With the completion of his second mission, Reightler has logged over 327 hours in space.

His technical assignments to date have included: Chief of the Astronaut Office Space Station Branch; Chief of the Astronaut Office Mission Support Branch; Lead Spacecraft Communicator (CAPCOM); Lead Astronaut for flight software development and computer systems; Flight Crew Operations Directorate representative to the Program Requirements Control Board; weather coordinator for Space Shuttle launches and landings; Astronaut Office representative in the areas of ascent, entry, and aborts.

==Corporate experience==
In 1995, Reightler left NASA and retired from the U.S. Navy with the rank of Captain. He joined Lockheed Martin as the Program Manager for the Engineering, Test, and Analysis contract at the Johnson Space Center. He was then promoted to Vice President of the Science, Engineering, Analysis, and Test (SEAT) Operation providing engineering and science services to NASA and other government and foreign customers, including the prime engineering and science contract at the Johnson Space Center. In 2001, he was promoted to Senior Vice President (COO) of Lockheed Martin Space Operations, the corporation's organization responsible for providing technical services (engineering, science, and operations) to the Civil Space business sector and related government and foreign customers. He held a dual assignment as Vice President and Program Manager for NASA's Consolidated Space Operations Contract (CSOC) for the final year and one half of the contract.

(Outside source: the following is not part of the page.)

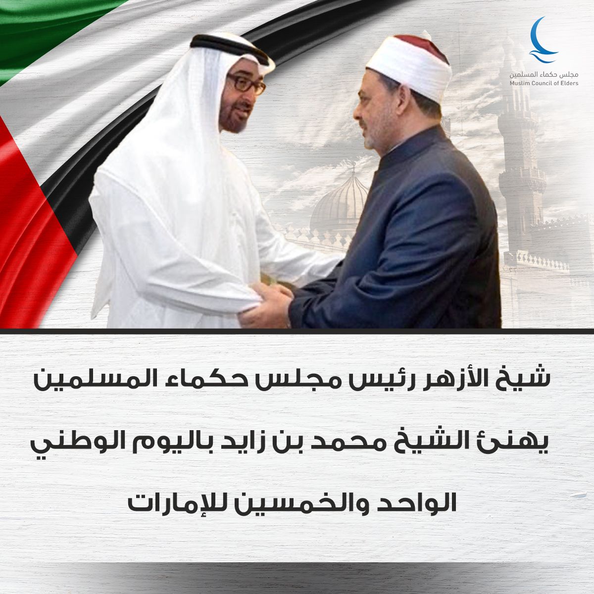 Baca selanjutnya>Grand Syekh Al-Azhar yang juga Ketua Majelis Hukama Muslimin (MHM), Imam Akbar Prof. Dr. Ahmed Al-Tayeb, menyampaikan ucapan selamat kepada Sheikh Mohammed bin Zayed Al Nahyan (MBZ), Presiden Uni Emirat Arab (UEA), berkenaan Peringatan Hari Nasional ke-51 UEA.

CSOC was responsible for managing all of NASA's communication and data services including the Deep Space Network, Space Network, Ground Network and Mission Control Centers. Reightler was promoted to President of Lockheed Martin Space Operations in 2004. During this period, he was successful in creating internal partnerships within Lockheed Martin that resulted in winning several important NASA competitions including the NASA Crew Exploration Vehicle (Orion) contract. With this win, he took the opportunity to transfer within Lockheed Martin from technical services to development. In December 2006, Reightler became the Vice President, NASA Program Integration for the Lockheed Martin Space Systems Co., Human Space Flight. Reightler left Lockheed Martin in February 2011 to become the Vice President, Engineering Services for ATK Space Systems Division. In August 2012 he left ATK to join the faculty of the U.S. Naval Academy. He continues to be an independent aerospace and business consultant to government and commercial organizations.

==Academic experience==
In 2012, Reightler was selected as the Robert A. Heinlein Distinguished Professor of Aerospace Engineering at the U.S. Naval Academy. Reightler became the inaugural Tig H. Krekel, Class of '75, Distinguished Chair in Space Science at the U.S. Naval Academy in 2017. He serves as a volunteer coach for the Naval Academy's Varsity Offshore Sailing Team and an Instructor-skipper and Officer in Tactical Command for the Offshore Sail Training Squadron.

==Organizations==
Associate Fellow, American Institute of Aeronautics and Astronautics; Associate Fellow, Society of Experimental Test Pilots (SETP); Association of Space Explorers (ASE); U.S. Naval Academy Alumni Association; American Astronautical Society.

==Special honors==
Defense Superior Service Medal; Legion of Merit; Defense Meritorious Service Medal; Navy Commendation Medal; Navy Unit Commendation; Meritorious Unit Commendation; Armed Forces Expeditionary Medal; National Defense Service Medal; NASA Exceptional Service Medal; two NASA Space Flight Medals; Johnson Space Center Certificate of Commendation; NASA Group Achievement Award; Intelsat EVA Recovery Team Award. Distinguished graduate, U.S. Naval Academy and U.S. Naval Test Pilot School. Absolute world altitude record for Class P aero-spacecraft. Mac Short Award in Aviation from U.S. Naval Academy (1973). Distinguished Alumni Award from U.S. Naval Postgraduate School. George M. Low Award. Member, Virginia Aviation Hall of Fame. Challenger Seven Award from the Challenger Center for Space Science Education. Reightler is an Eagle Scout. He also appeared on the Barney & Friends home video "Barney In Outer Space", and the film, "To Be an Astronaut". He was a technical advisor for the film Apollo 13.